Mattis says Iraq war was strategic mistake

Business Insider:
President-elect Donald Trump’s pick for Defence Secretary called the invasion of Iraq a “strategic mistake” at a conference last year, in an audio recording obtained by The Intercept.

In a wide-ranging speech at an ASIS International Conference in Anaheim, California that covered everything from Iran, ISIS, and other national security hotspots, retired Marine Gen.
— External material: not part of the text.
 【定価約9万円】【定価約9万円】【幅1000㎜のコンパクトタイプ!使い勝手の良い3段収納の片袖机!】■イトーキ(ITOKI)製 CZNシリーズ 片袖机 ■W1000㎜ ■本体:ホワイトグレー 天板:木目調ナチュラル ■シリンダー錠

James Mattis told attendees: “We will probably look back on the invasion of Iraq as a mistake, a strategic mistake.”

The assertion is not particularly controversial, given the faulty intelligence that led to the invasion, the many missteps afterward, and the unravelling of a country that eventually gave birth to the terrorist group ISIS.

But it is interesting as it’s the first known instance of Mattis portraying the invasion in a negative light, especially given his leadership of 1st Marine Division in 2003, which he led across the border and, eventually, into Baghdad.
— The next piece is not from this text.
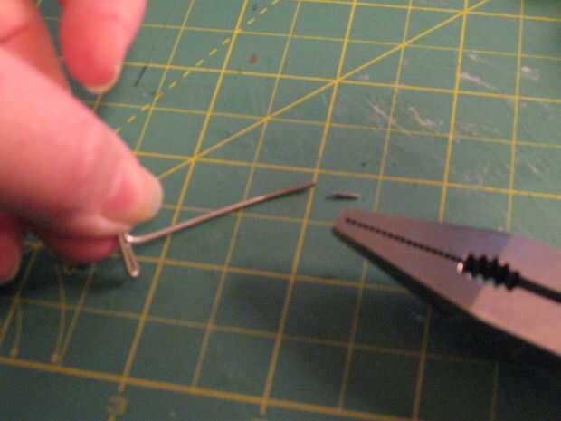 3. con un alicate, cortar el extremo puntiagudo de la clavija T. Mantenga la clavija T en la bisagra para medir la longitud del perno es necesitada. Cortar a medida.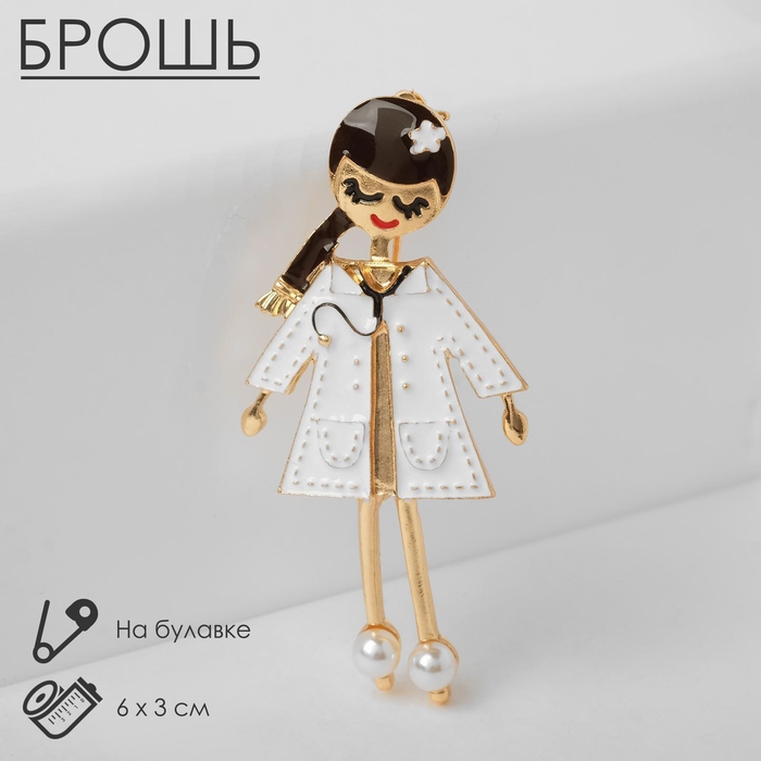 Брошь «Доктор» девушка, цвет бело-коричневый в золоте

“I think people were pretty much aware that the US military didn’t think it was a very wise idea,” he said. “But we give a cheery ‘Aye aye, Sir.’ Because when you elect someone commander in chief — we give our advice. We generally give it in private.”
...
He was asked specifically about whether there was a scenario in which he may have retired in protest during a talk in San Francisco in April 2014. Mattis allowed some unethical orders and other scenarios that would lead him to do so, but he said, “you have to be very careful about doing that. The lance corporals can’t retire. They’re going. That’s all there is to it.”

He added: “You abandon him only under the most dire circumstances, where the message you have to send can be sent no other way. I never confronted that situation.”
...
What is not clear from this story is why he felt it was a strategic mistake at the time.  It is easy with hindsight bias to make that assertion.  No one knew the intelligence was faulty at the time.  There were tactical mistakes that made the invasion more difficult than it should have been.  The US sent just enough troops to topple the government, but not enough to protect the people from the inevitable insurgency and had to surge troops to do that as the situation appeared to be spinning out of control.

The article does not address Obama's strategic blunder of withdrawing US forces which actually led to the ISIL genocides.  That was a completely predictable result at the time.